Telekomunikasi Indonesia dianggap belum punya arah

Techno.id - Era konvergensi teknologi saat ini mendorong sektor telekomunikasi dan penyiaran memiliki peran strategis di sisi sosial ekonomi dan politik sebuah bangsa. Akan tetapi, belum adanya penegakkan peraturan yang memadai membuat dua sektor penting itu belum memberikan nilai yang cukup bagi kedaulatan bangsa Indonesia.

Bahkan, undang-undang yang mengatur industri telekomunikasi dan penyiaran yang ada di Indonesia dianggap telah usang dan perlu penyesuaian agar sesuai dengan kondisi terkini yang berlangsung di tengah masyarakat Indonesia. UU Telekomunikasi No 36 tahun 1999 dibuat saat zaman deregulasi dan UU penyiaran no 32 tahun 2002 lahir di zaman reformasi.

"Sejumlah pasal menunjukkan bahwa kedua undang-undang itu mempunyai perbedaan paradigmatic dalam mengatur industrinya," kata Amir Effendi Siregar selaku Ketua Pemantau Regulasi dan Regulator Media (PR2Media) di tengah diskusi publik di Jakarta.

Data riset yang diungkap PR2Media di lima kota besar di Indonesia yakni Jakarta, Surabaya, Bandung, Yogyakarta, Medan, dan Makassar menyebutkan, sejak awal perkembangan telekomunikasi pemerintah Indonesia kurang memperhatikan keberlangsungan kebijakan yang dibuatnya.

Lebih lanjut, Amir menyebutkan akar permasalahan dari kondisi kurang sehat di industri penyiaran dan telekomunikasi di Indonesia ialah belum ada arah tujuan yang jelas. "Ketiadaan blue print dan road map yang memadai untuk pembangunan berbagai sektor di telekomunikasi menjadi salah satu penyebabnya," ujarnya.

Tak hanya itu, Amir menilai belum adanya regulator yang independen turut andil menyebabkan kerugian bagi negara dan warga.

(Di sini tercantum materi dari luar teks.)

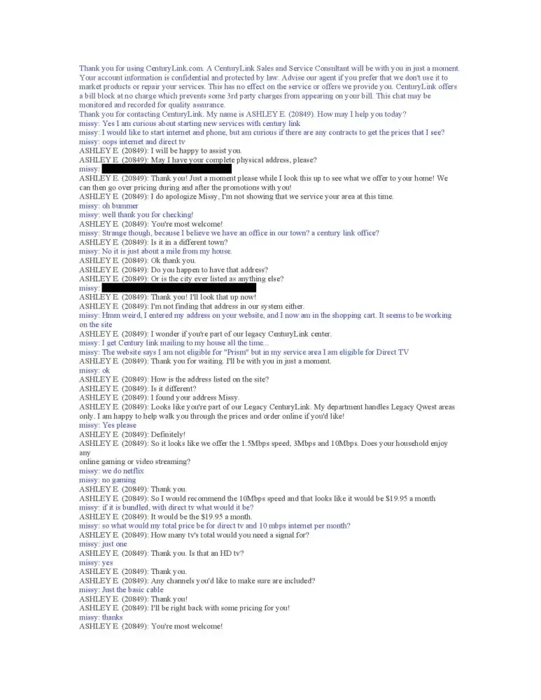 Both of these companies have had horrible customer service, but I place the blame on Century Link, as they were the company that quoted me the rates I was supposed to receive. My advice is to steer clear of Century Link! I have attached the chat window of the conversation I had with the Century Link representative.
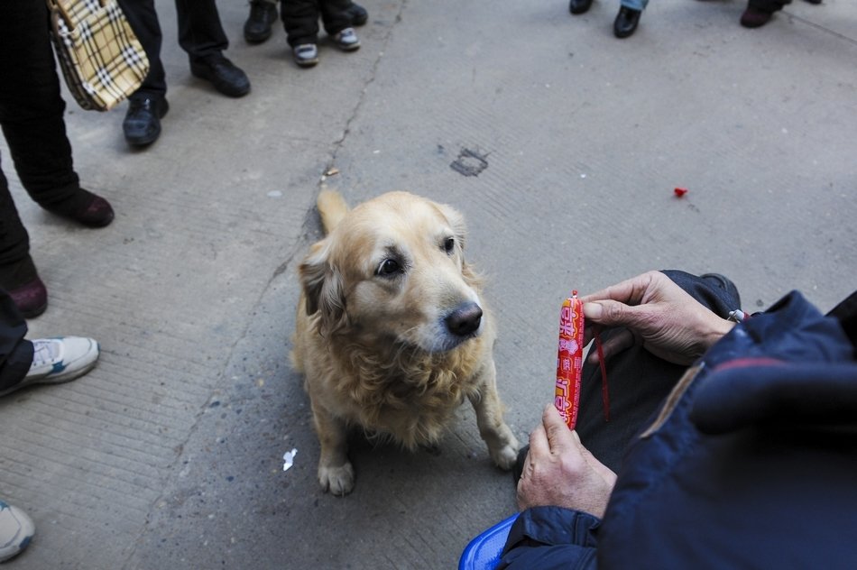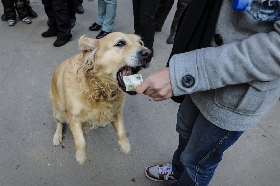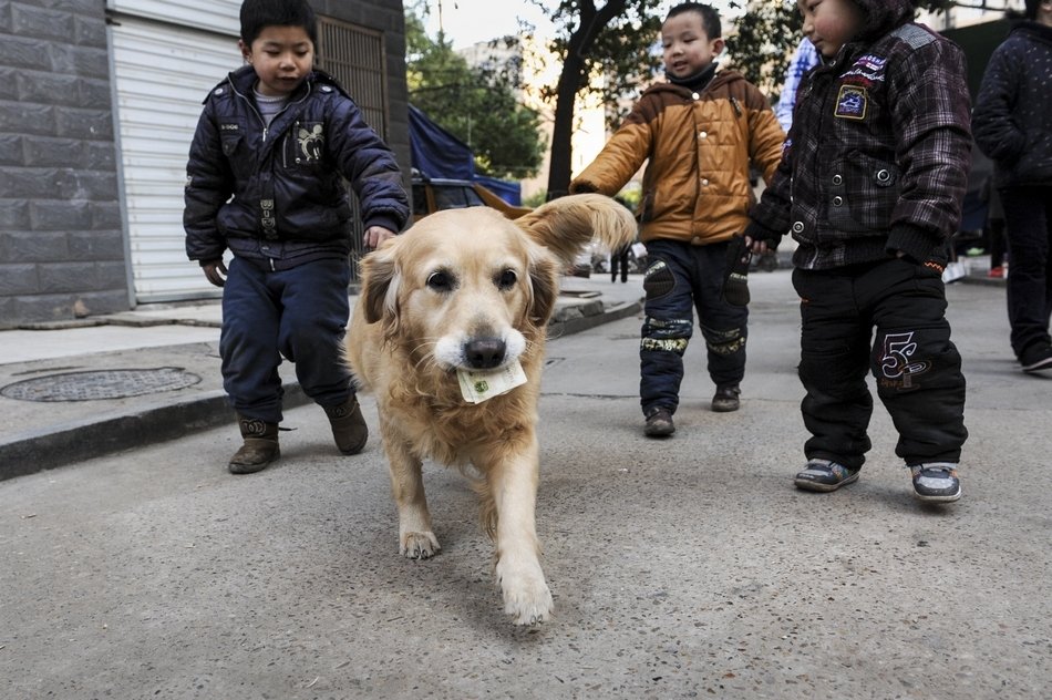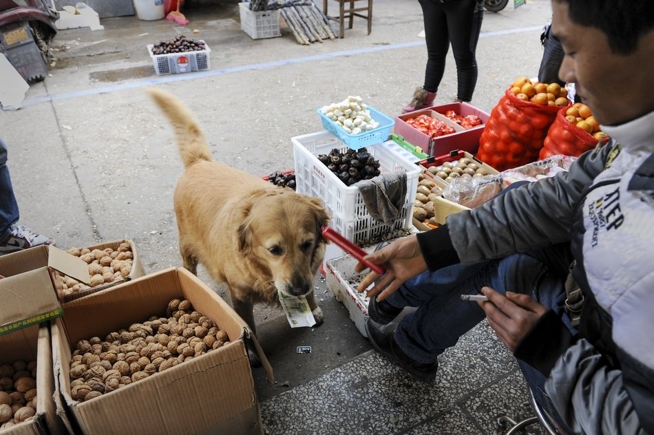 In changsha nearby Mars farmers markets saw a smart dog holding a dollar, The dog give the

Misalnya saja, pengaturan bisnis yang tak sehat dan tidak transparan tarif. Lemahnya penegakan aturan penyiaran juga menyebabkan siaran nasional yang Jakarta - sentris dan lemahnya penyiaran lokal daerah.

Hal tersebut membuat PR2Media melontarkan usulan supaya pemerintah segera mengubah UU Telekomunikasi yang lebih adil, demokratis, mengutamakan kemakmuran rakyat Indonesia, serta membatasi kepemilikan investasi modal asing.